My awareness of this whole history was something that happened gradually, since that stuff is not available. Where are you going to see it? You’d have to go to some library that specializes in that and ask to look at it. It’s not reprinted anywhere, so it’s not known. So when I got that big book by Kunzle, it was a total surprise, how much material there was, and I’m sure that’s still just a drop in the bucket, you know, what survived, what he could get his hands on, and what he could actually show — I’m sure he could have done twice as much. So much of them are so crude, those little, postage stamp-sized panels of, like, husband-and-wife squabbles done in Russia or Germany or Czechoslovakia. Incredible stuff, but totally obscure. If you try to inform people in the art world of this history, they know nothing about it. A complete underground, unknown, history of popular art that the general art world knows nothing about. When Alfred Fischer, the curator of my show in Germany [at the Museum Ludwig in Cologne] came, I showed him this book and some other things and he was just speechless; it was all completely new to him. The crude, lowest level of popular arts.
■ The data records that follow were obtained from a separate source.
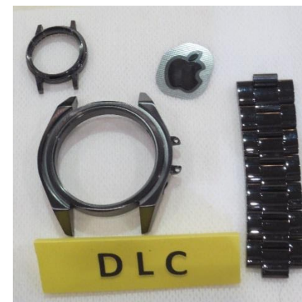
常温DLCコーティング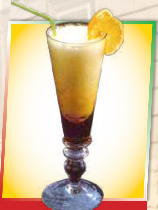
76. Sorbetto 7,50 € Zitroneneis mit Sekt 1-5-6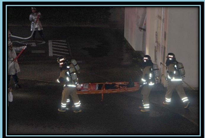
逃げ遅れ者の救出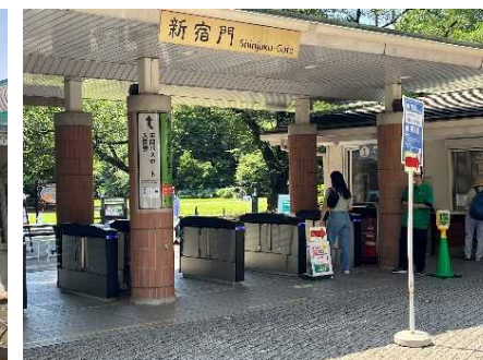
キャッシュレス設備導入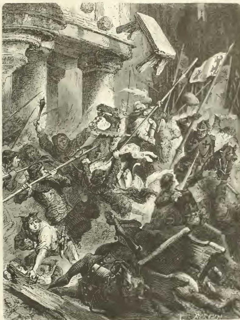
Les Parisiens chassant les Anglais.

Dès lors, le gouvernement français commença d'entrer dans d'autres voies. Des hommes nouveaux furent introduits dans ce conseil du roi où siégeait encore, mais où ne dominait plus le second des deux grands traîtres, l'archevêque chancelier Regnault de Chartres, qui avait renié son ancien complice la Trémoille. Les honnêtes gens, les patriotes, prirent le dessus, et l'on en vit les grandes suites au bout de quelques années.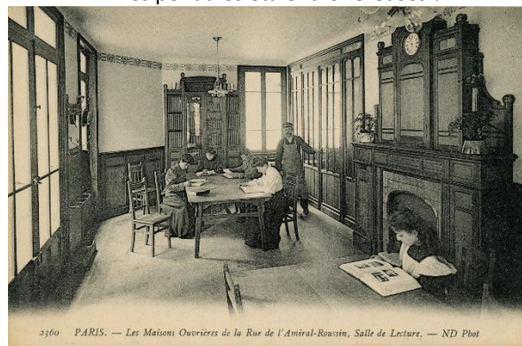
Ces salles de lecture favorisaient l'accès à la culture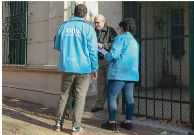
En acción. ARBA puso en marcha un operativo especial para facilitar el acceso a exenciones impositivas.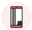
液晶表示が異常/ タッチパネルが動作不良

・液晶に液漏れ、焼き付きがある ・タッチパネルの操作ができない ・縦線、横線がある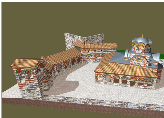
Обр. 6. Комплекс при църква № 4. Реконструкция (арх. Пламен Цанев)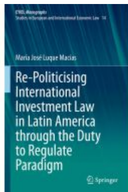
Re-Politicising International Investment Law in Latin America through the Duty to Regulate Paradigm Ladenpreis: 164,99EUR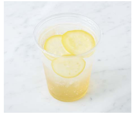
Honey Lemon Soda はちみつレモンソーダ ¥594 税込

エスプレッソにカルダモン、クローブ、シナモン、レモン を漬け込んだシロップを炭酸水で割ったソーダです。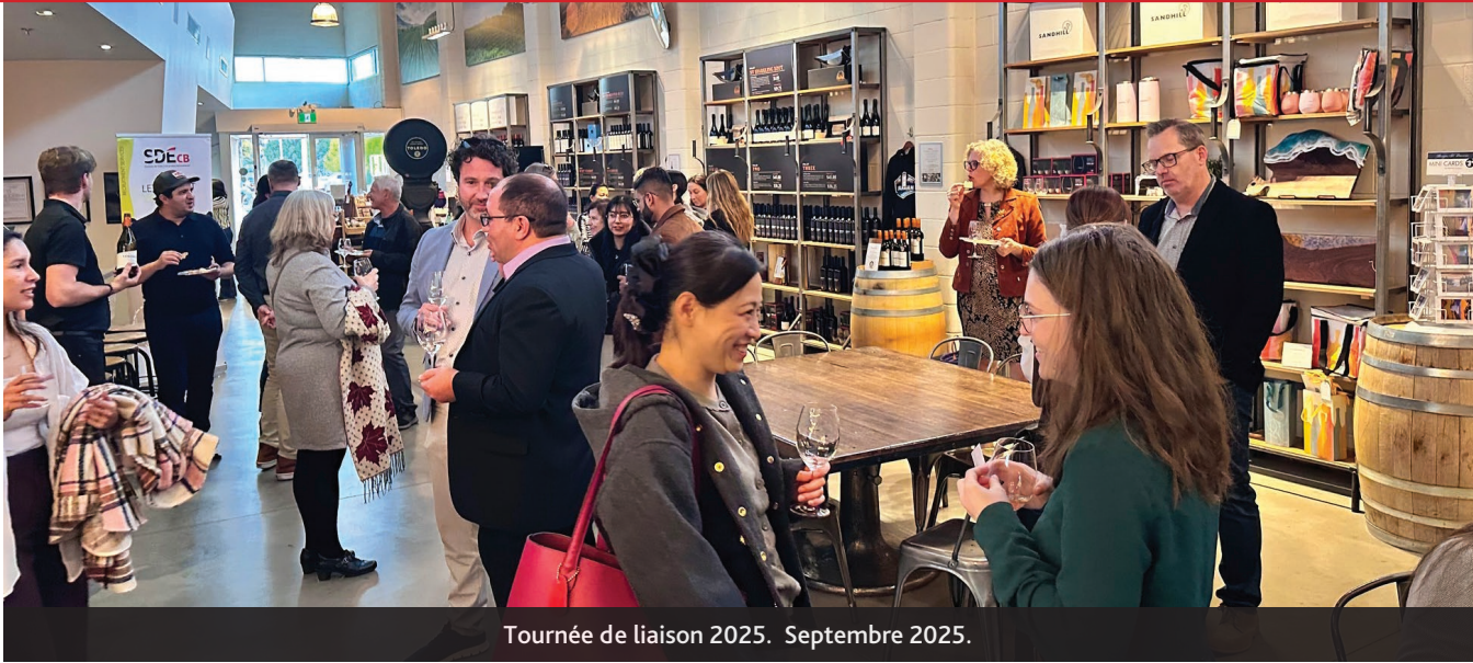
Tournée de liaison 2025. Septembre 2025.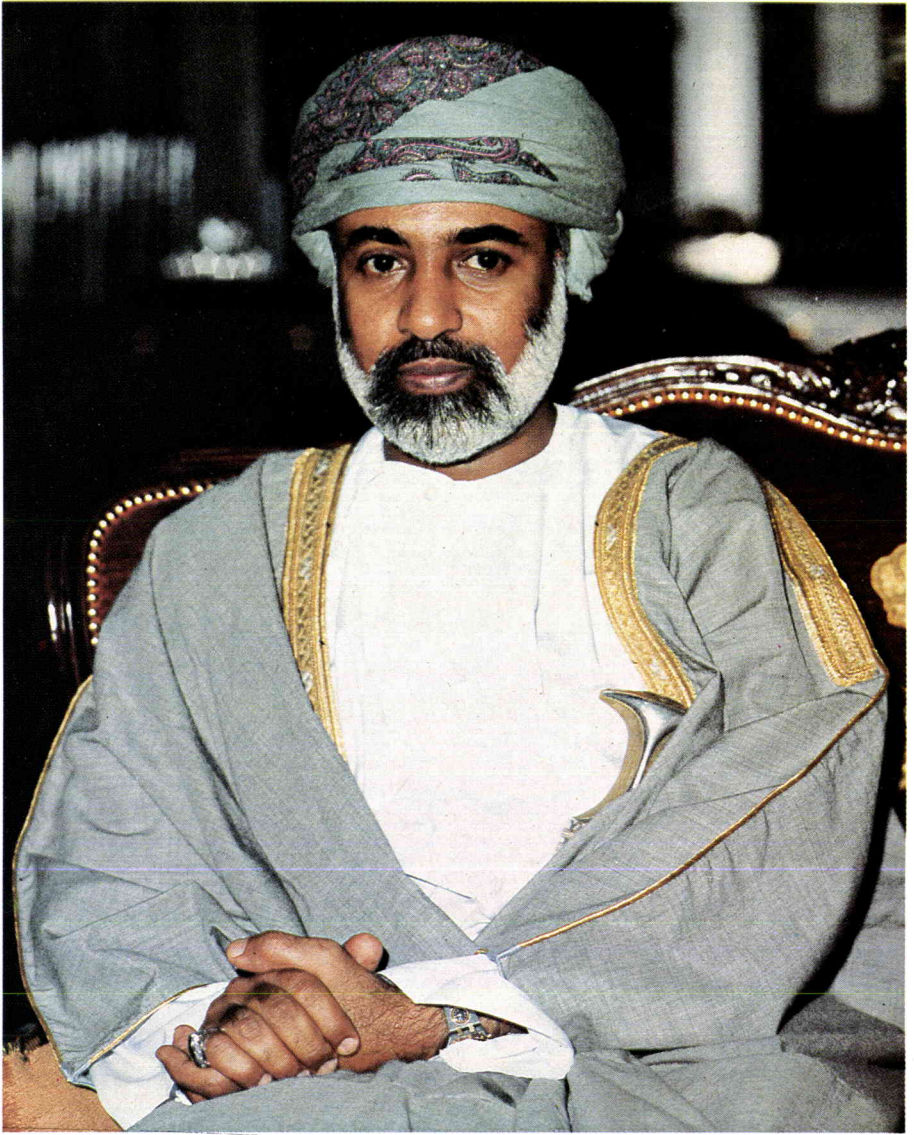
حضرة صاحب السيادة السلطان قابوس بن سعيد المعظم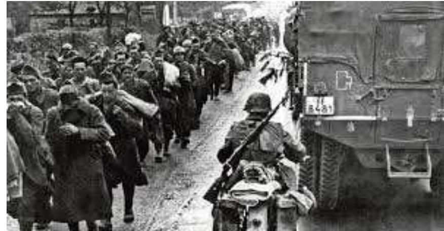
Les soldats français sont capturés.

Fin mai début juin des soldats britanniques sont évacués vers l'Angleterre à Dunkerque.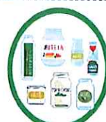
Bocaux en verre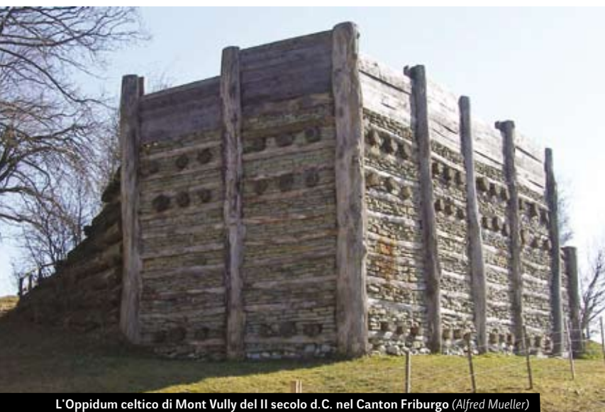
L'Oppidum celtico di Mont Vully del II secolo d.C. nel Canton Friburgo (Alfred Mueller)

di invasione. Si sperava che il ridotto sarebbe stato impenetrabile, anche nel caso in cui la maggior parte della Svizzera fosse caduta sotto l'occupazione nazista. La caduta della Francia in mano tedesca nel giugno 1940 aveva significato che, per la maggior parte della guerra, la Svizzera si trovasse circondata dai tedeschi e dai loro alleati.

What I love about Hignite’s book is that it focuses most of its attention on the cartoonists’ influences, personal libraries, and thoughts about the history of the form. As Hignite comments, “To varying degrees, these artists are collectors themselves, so the process of creating is interwined with other art: the working studio is also library archive, and museum.” Later in his interview, Crumb goes on to lament the difference between this kind of collecting versus “academic” interests:

It’s just that academia’s interest in this stuff is so lame….There’s a big difference between a collector-archivist and people in academia….In academia they get locked into this thing of having to narrow it down and narrow it down to this very particular specialty that they focus on, and they’re very proprietary about it, so that it scares them to actually scan the culture at large as we do and just pick out, “Oh, this is interesting,” o, “That’s interesting from this whole different area,” and then look into it; that’s a waste of their time. There are probably exceptions, but it gets narrower and narrower as there get to be more academic specialists and specialties. You have to be so specific about “you” things, and if someone else who’s not the expert volunteers some information, then it’s almost a threat.

More and more, my vision of comics as a type of collage – a spattering of pictures, words, influences, events, personal histories, books, whatever…go read the Lethem article, where he says, “In fact, collage…might be called the art form of the twentieth century, never mind the twenty-first.” — synched together in a unity of style, grows and strengthens in my head. Which is why reading — ammassing influence — is such an important part of the gig…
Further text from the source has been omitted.